An “ablation” is a process in which they go into your heart and find which nerves are telling your heart to beat out of rythym, and they deaden those nerves and hopefully your heart goes back into the pace that it should be in.

I could not get that done immediately, so I needed to get a defibrillator put in my chest so that if my heart stopped it would "jump start" my heart and get me going again. Some describe that feeling as that of being kicked in the chest by a mule. I must tell you that the guy writing this used to nearly pass out when getting a flu shot, so you can imaging how I felt when being given all this info. Suddenly all your priorities get realigned as you try to continue to grasp for every chance at life that you have. After my continued pursuit of getting this Defibrillator installed, it was determined (with considerable pushing on my part) that he could put it in two days later.


To make a long story even longer, the defibrillator was successfully implanted two days later and then I begun what seemed to be the long wait of having the Ablation which would hopefully put an end to my problem.

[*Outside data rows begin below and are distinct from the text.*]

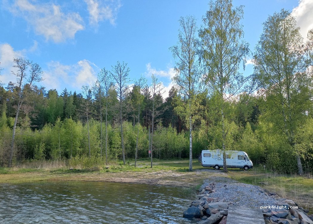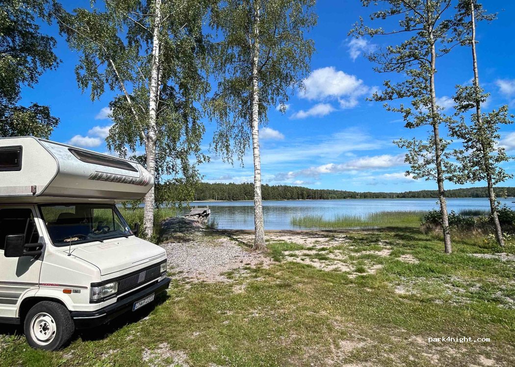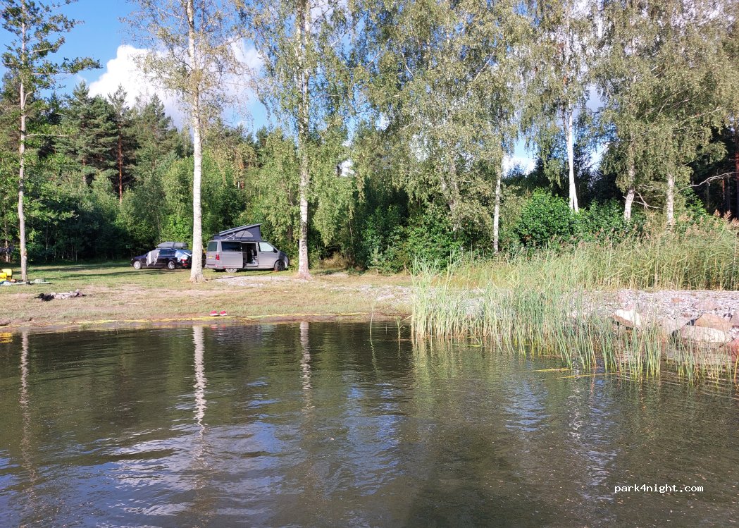 Very quiet parking for 2 campers. directly at the sandy beach. No services! Payment with app. Narrow gravel road.
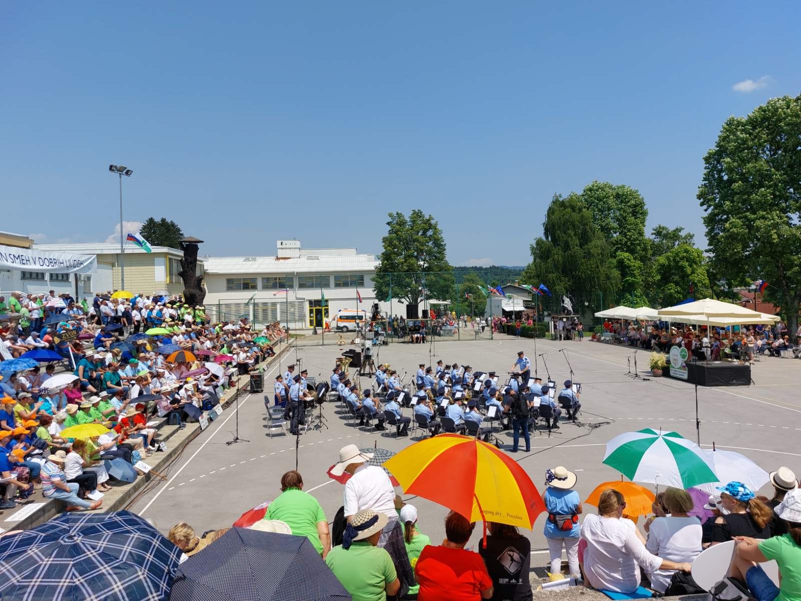Naslednji dan, 18. junija, so se vsi udeleženci srečanja skupaj z gosti udeležili skupnega nastopa na stadionu osnovne šole. Še posebej pester je bil sprevod udeležencev od Gasilskega doma do šolskega stadiona.
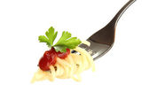 włoskie spagetti gotowane w płytce białe na białym tle
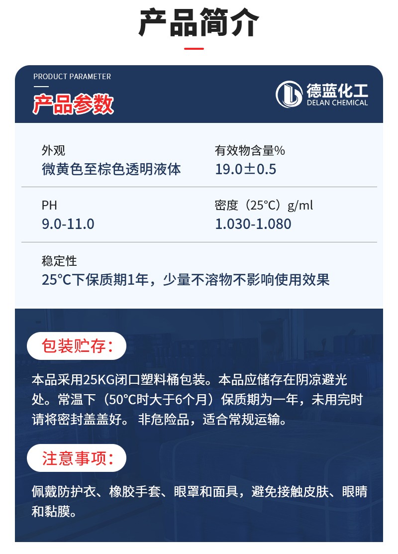 包装储存:本品采用25kg闭口塑料桶包装。 本品应储存在阴凉避光处,常温下(50℃时大于6个月)保质期为一年,未用完时请将密封盖盖好。 非危险品,适合常规运输。

I must say that as I laid in bed in the hospital after having the ablation, and looked up at the monitor and saw a perfect heart rhythm without a single PVC, I knew God had his hand all over my situation. If I had not been talking to Barb Shelby about all these problems, and if she had not suggested what she did, and if the cardiologist had not been so willing to take her suggestion of the 30 day monitor, if the implementation of the defibrillator had not been changed from a few weeks away until 2 days away, and if the Cardiac Ablation had not been changed from the original 30 days or so after the Defibrillator implementation until November 30, who knows where I would be,

possibly not here at all! I was told by my neice,who has been a registered nurse and even Head Nurse in a large hospital at one time, when I was giving her the play by play of what had been going on, she said that I was a "ticking time bomb". How many people are walking the streets right now with the same problem I had and don't even know it because it does not cause pain and very few symptoms, or at least in my case it did not. Too many things have happened during my experience to just call it happenstance. I am sure God has been telling me, "I am not through with you yet'. I can tell you from experience that God hears your prayers. He may answer in many different ways but He hears your prayers. I have experienced it, and I can feel it everyday, and to that I must exclaim, “God is Good and Jesus Saves".